Instructions for the task: Starting with the line that has "看北京|朝阳公园黄秋英花海盛放 游人穿梭小径欣赏秋景" and finishing with the line that has "玩具1は、図1に示すように外", set down each line below exactly. Pictures are not copied.

Dataset entries:
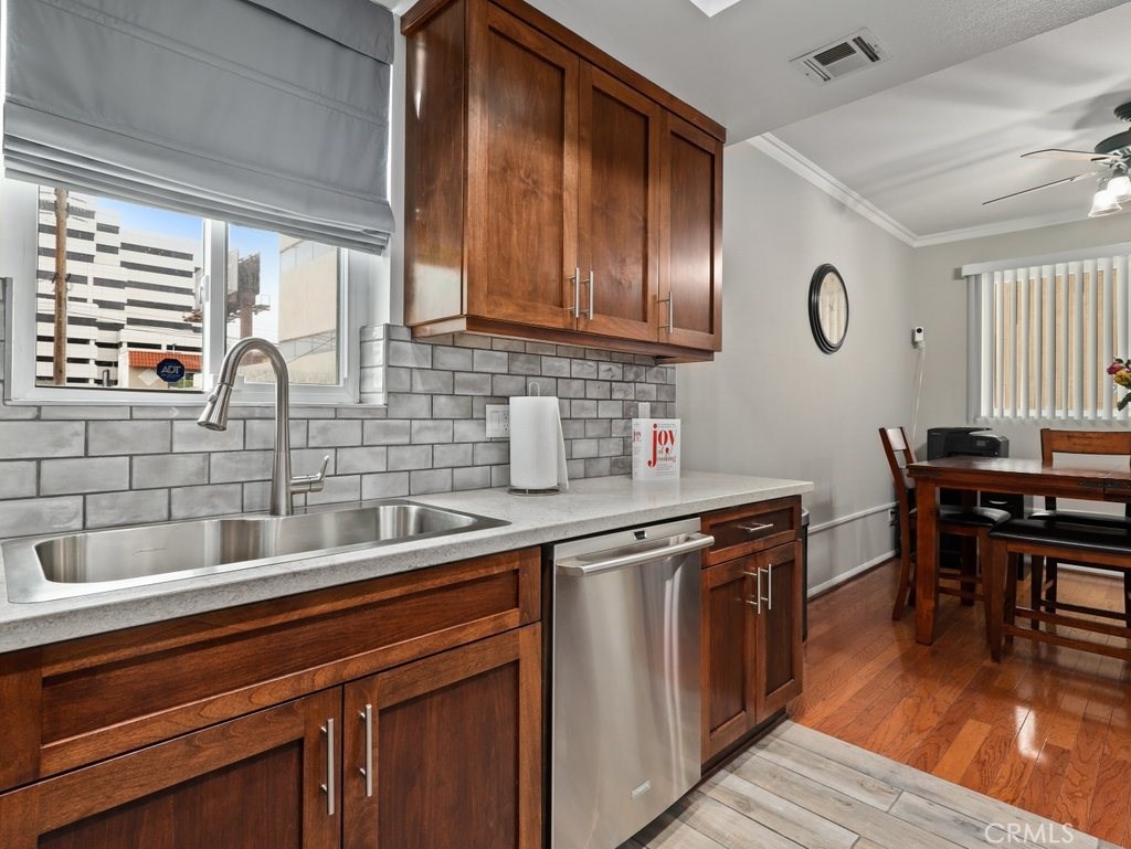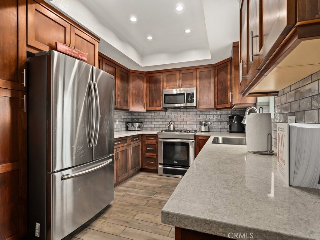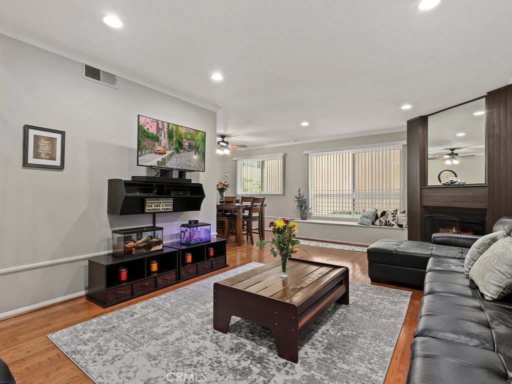 Gorgeous and updated two-level condo home in Westwood, full of light and versatile floor plan that is ideal for any lifestyle. With bedrooms on two levels and a bonus room next to the primary suite, it is ideal for a home office, home school, play room, entertaining room or guest room. This condo is tucked at the back of the building providing privacy and direct garage and street access. The main floor opens with a beautiful living room with hardwood floors that winds around to the dining area and kitchen, making the most out of the space. Large windows flood the room with light and a fireplace adds character. The kitchen was just renovated with contemporary subway tile, quartz counters and stainless steel appliances-- you will want to cook for days! The ground floor also has a spacious bedroom and a stylish bath. The windows and sliding patio door are new and double paned with transferable warranty. Upstairs is a home all on its own with brand new carpet. The primary suite is huge and can easily accommodate a king bed and a sitting area. The room also has a lovely balcony, a large walk in closet, and an updated bathroom with a granite double sink vanity and step in shower. This unit has two parking spots and AC, The community offers basic cable. Ideally located near the 10 and the 405 freeways for convenient access to UCLA, Downtown LA, Century City and more!
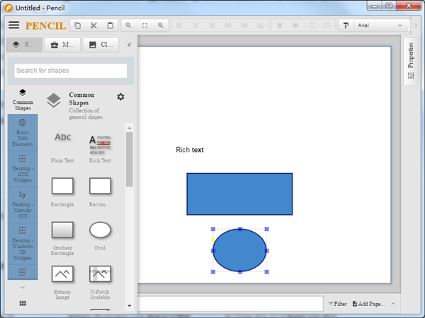 Pencil分享各种内置的形状集合,用于绘制不同类型的用户界面,从桌面到移动平台。 从2.0.2开始,Pencil随Android和iOS UI模板预先安装。 这使得通过简单的安装开始应用程序变得更加容易。流行的绘图功能也在Pencil中实现,以简化绘图操作.
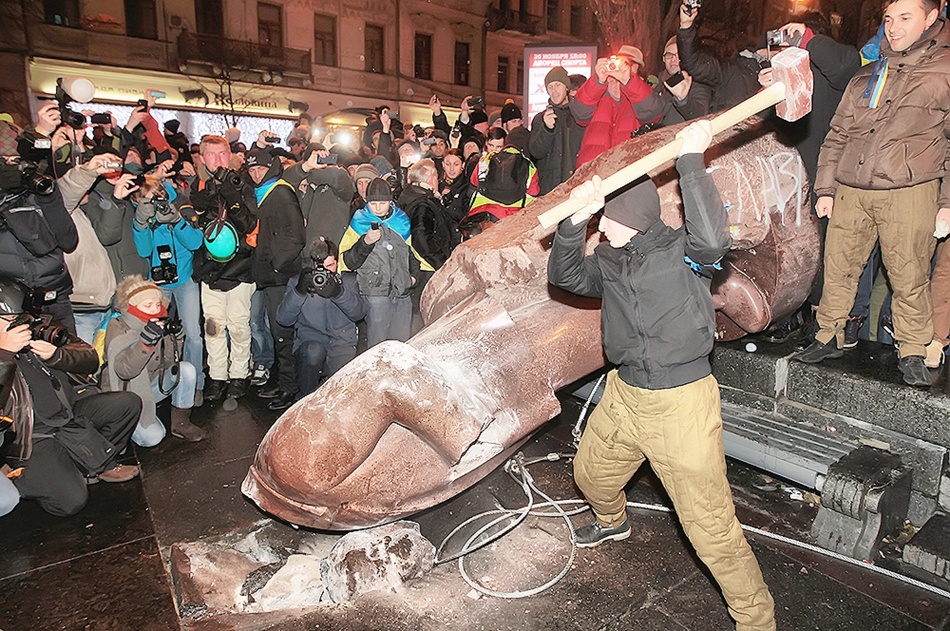 8 декабря, Ленина повалили. Фото Sergei Chuzavkov/AP.
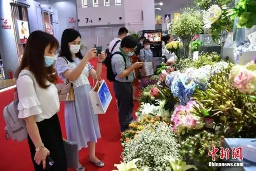圖為雲南館展出的各種鮮花吸引參觀者。中新社記者 崔楠 攝
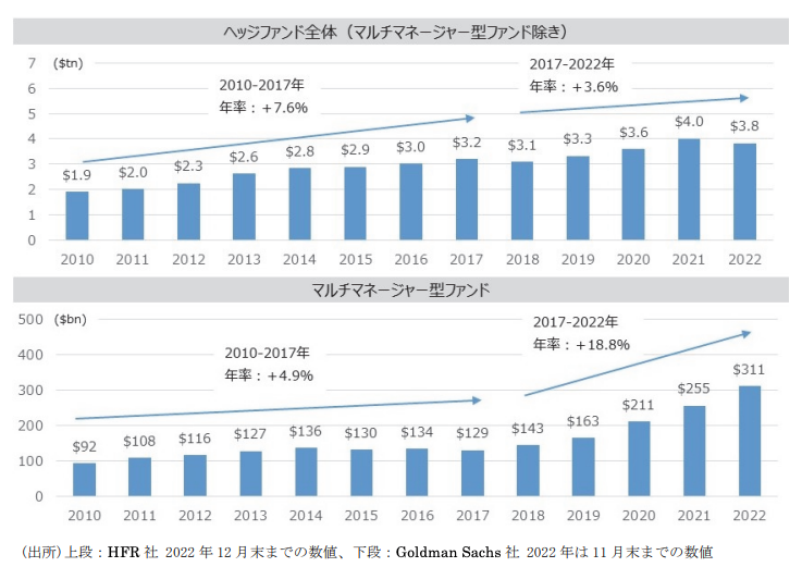 マルチマネージャー型ファンドとは、1つのファンドの資産を運用戦略・運用手法の異なる複数のマネージャーに分割して運用させる戦略のことを指します。以下の図 からも、2017年以降マルチマネージャー型ファンドの運用資産残高が急速に上昇しており、投資成果への信頼が高まり資金が集まっていることがわかります。
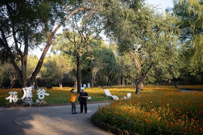 看北京|朝阳公园黄秋英花海盛放 游人穿梭小径欣赏秋景
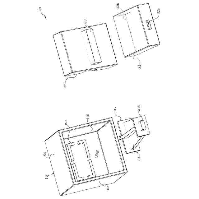 玩具1は、図1に示すように外観が略球形で成した第1形態1Fと、展示或いは遊戯形態である第2形態2F(図8参照)とに変化可能な玩具である。この第1形態1Fは、販売時の形態であり、球形状の外殻を成した副部品20によりその内部に多面体型形状の主部品10が保持されている。外殻を構成する副部品20は、例えば半球形の第1副部品21、及び第2副部品22の組合せにて構成されており、連結面部20jの部分により連結されている。例えば合成樹脂を素材として形成され適宜剛性を備えている。
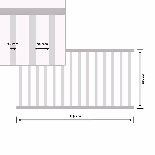 Denne fine tremmeseng kan tilpasses barnets udviklingstrin, blandt andet gennem tre niveauer på sengebunden. Når barnet er stort nok til selv at komme ind og ud af sengen, kan tre lameller også tages af. Unikt og praktisk!

Reply:
 看北京|朝阳公园黄秋英花海盛放 游人穿梭小径欣赏秋景
 玩具1は、図1に示すように外観が略球形で成した第1形態1Fと、展示或いは遊戯形態である第2形態2F(図8参照)とに変化可能な玩具である。この第1形態1Fは、販売時の形態であり、球形状の外殻を成した副部品20によりその内部に多面体型形状の主部品10が保持されている。外殻を構成する副部品20は、例えば半球形の第1副部品21、及び第2副部品22の組合せにて構成されており、連結面部20jの部分により連結されている。例えば合成樹脂を素材として形成され適宜剛性を備えている。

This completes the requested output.